The authors also found that many graphs are quite large, often containing more than a billion edges. “These graphs represent an enormously wide range of entities and are used by organizations from small businesses to large enterprises,” said Siddhartha Sahu, noting that this finding runs counter to a common assumption that large graphs are problematic only for large organizations such as Google, Facebook, and Twitter.
“The survey also found that scalability is the most pressing challenge faced by users and the ability to process very large graphs efficiently is among the biggest limitation of existing software,” Sahu said, adding that the results also suggest that data visualization is a pressing challenge.

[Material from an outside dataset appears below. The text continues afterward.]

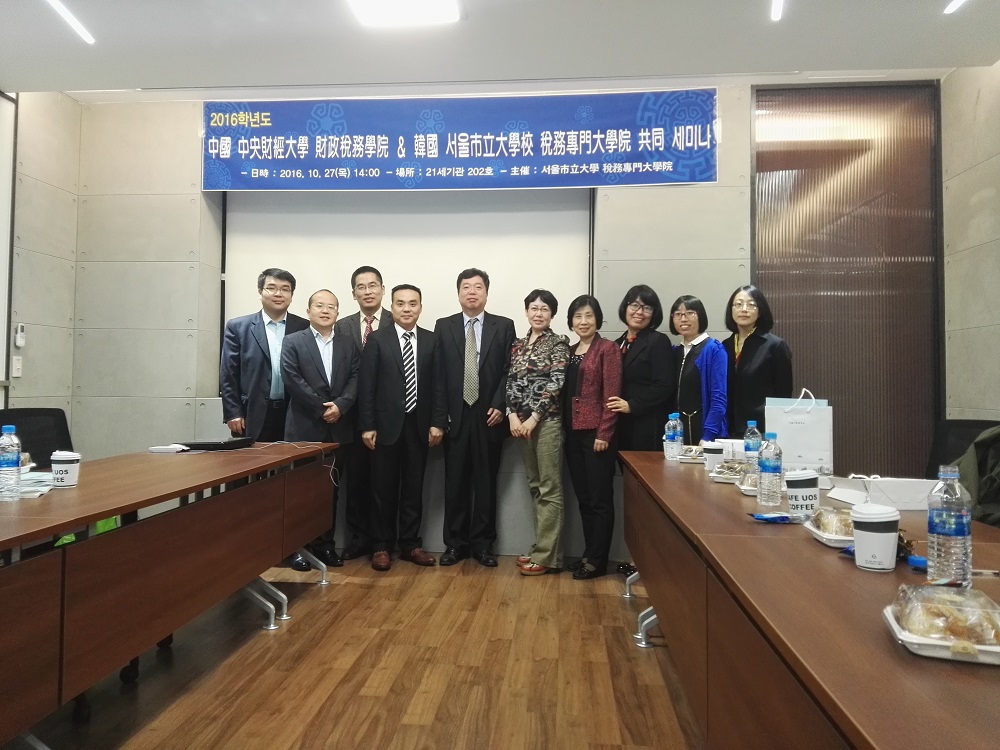 taptap体育官网入口财政税务公司党委书记樊勇教授等9人于2016年10月26日至2016年10月28日受邀赴韩国首尔参加首尔市立大学税务专门大公司举办的“中韩税制改革和税务学科教学工作”的学术研讨会。首尔市立大学董事长元允喜教授10月26日下午会见了中方老师,希望加深同taptap体育官网入口的学术交流,推动财政税务学科的发展。

Their results, published in a paper titled “The Ubiquity of Large Graphs and Surprising Challenges of Graph Processing,” was presented at the 44thInternational Conference on Very Large Data Bases held this year in Rio de Janeiro, Brazil, from August 27 to 31, 2018. The study caught the attention of their colleagues at the annual meeting, as it received the VLDB 2018 Best Paper Award. The work was praised by the conference program committee as providing a “unique and timely contribution,” and that “the findings provide future research directions that benefit our community and others.”
To learn more about this research, please see Siddhartha Sahu, Amine Mhedhbi, Semih Salihoglu, Jimmy Lin, and M. Tamer Özsu. The Ubiquity of Large Graphs and Surprising Challenges of Graph Processing. Proceedings of the VLDB Endowment, 11(4): 420–431, December 2017.